Your output should be exactly the lines from the one containing "peakミッドカットセーフティシューズバスケモデルベルクロ ピーク メンズ" through the last line of the listing, and nothing else. Pictures stay out.

RECORDED DATA
*** Block opens ***
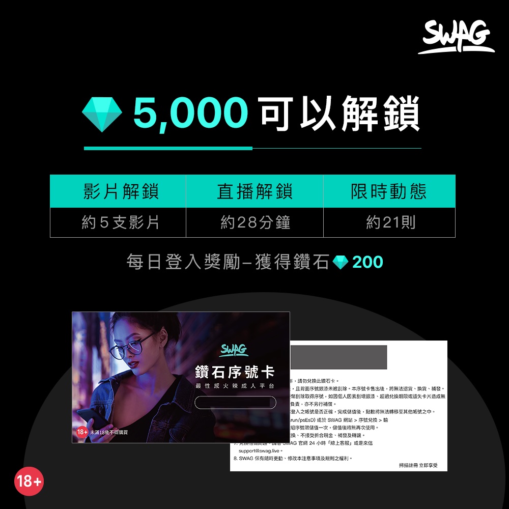 SWAG 點數 實體鑽石序號卡 1399鑽 原廠授權販售
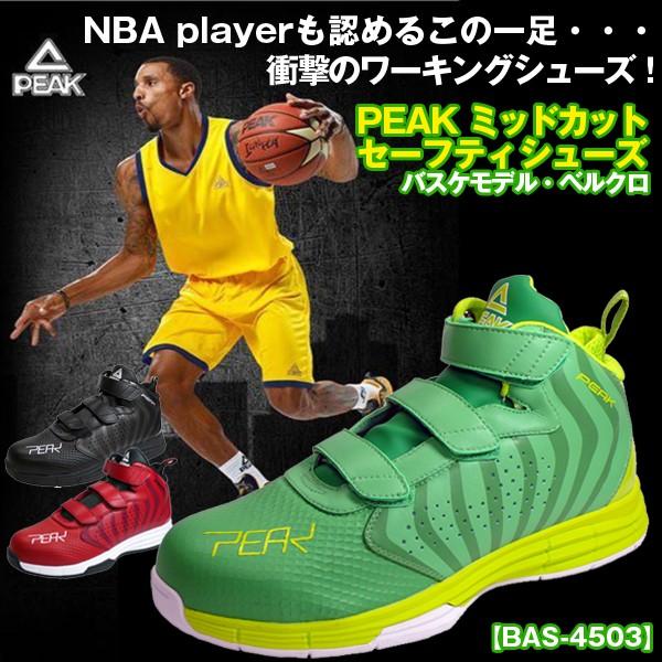 peakミッドカットセーフティシューズバスケモデルベルクロ ピーク メンズ 安全靴 銅鉄先芯 ベルトタイプ nbaプレイヤー愛用 作業靴 軽量 クッション性 ado bas4503 プレミアムポニー 通販 yahoo ショッピング
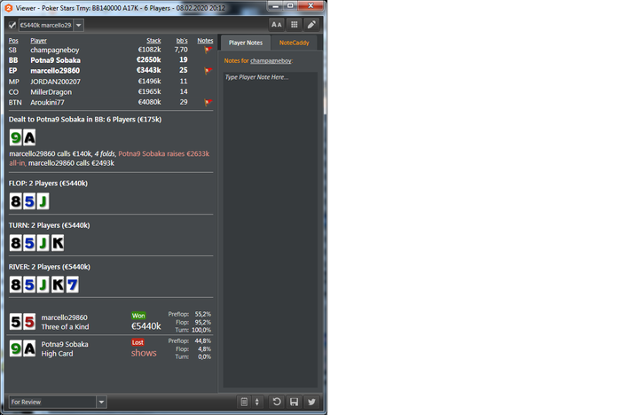 14.02.2020 sochi -48.73 ps.es -34.82 16.02.2020 sochi +108 ps.es -15.91 Сегодня в ночной было 2 дипа,один ББ за 16.5, 2 раза затащил снизу получив 2 аута на терне и ривере.Пересидел много пейжемпов ,потом раздали АКs закрыл коротыша,он показал AQs,на флопе дама,и я остался с 2 бб,вылетел 30.Второй дип в килополяне за 1.1 на финалке вот такой кулерочек,не уверен что я тут мог выкинуть ,хоть и оставался стек выше 2х коротышей
*** Block closes ***
EXERCISE RESPONSE
 peakミッドカットセーフティシューズバスケモデルベルクロ ピーク メンズ 安全靴 銅鉄先芯 ベルトタイプ nbaプレイヤー愛用 作業靴 軽量 クッション性 ado bas4503 プレミアムポニー 通販 yahoo ショッピング
 14.02.2020 sochi -48.73 ps.es -34.82 16.02.2020 sochi +108 ps.es -15.91 Сегодня в ночной было 2 дипа,один ББ за 16.5, 2 раза затащил снизу получив 2 аута на терне и ривере.Пересидел много пейжемпов ,потом раздали АКs закрыл коротыша,он показал AQs,на флопе дама,и я остался с 2 бб,вылетел 30.Второй дип в килополяне за 1.1 на финалке вот такой кулерочек,не уверен что я тут мог выкинуть ,хоть и оставался стек выше 2х коротышей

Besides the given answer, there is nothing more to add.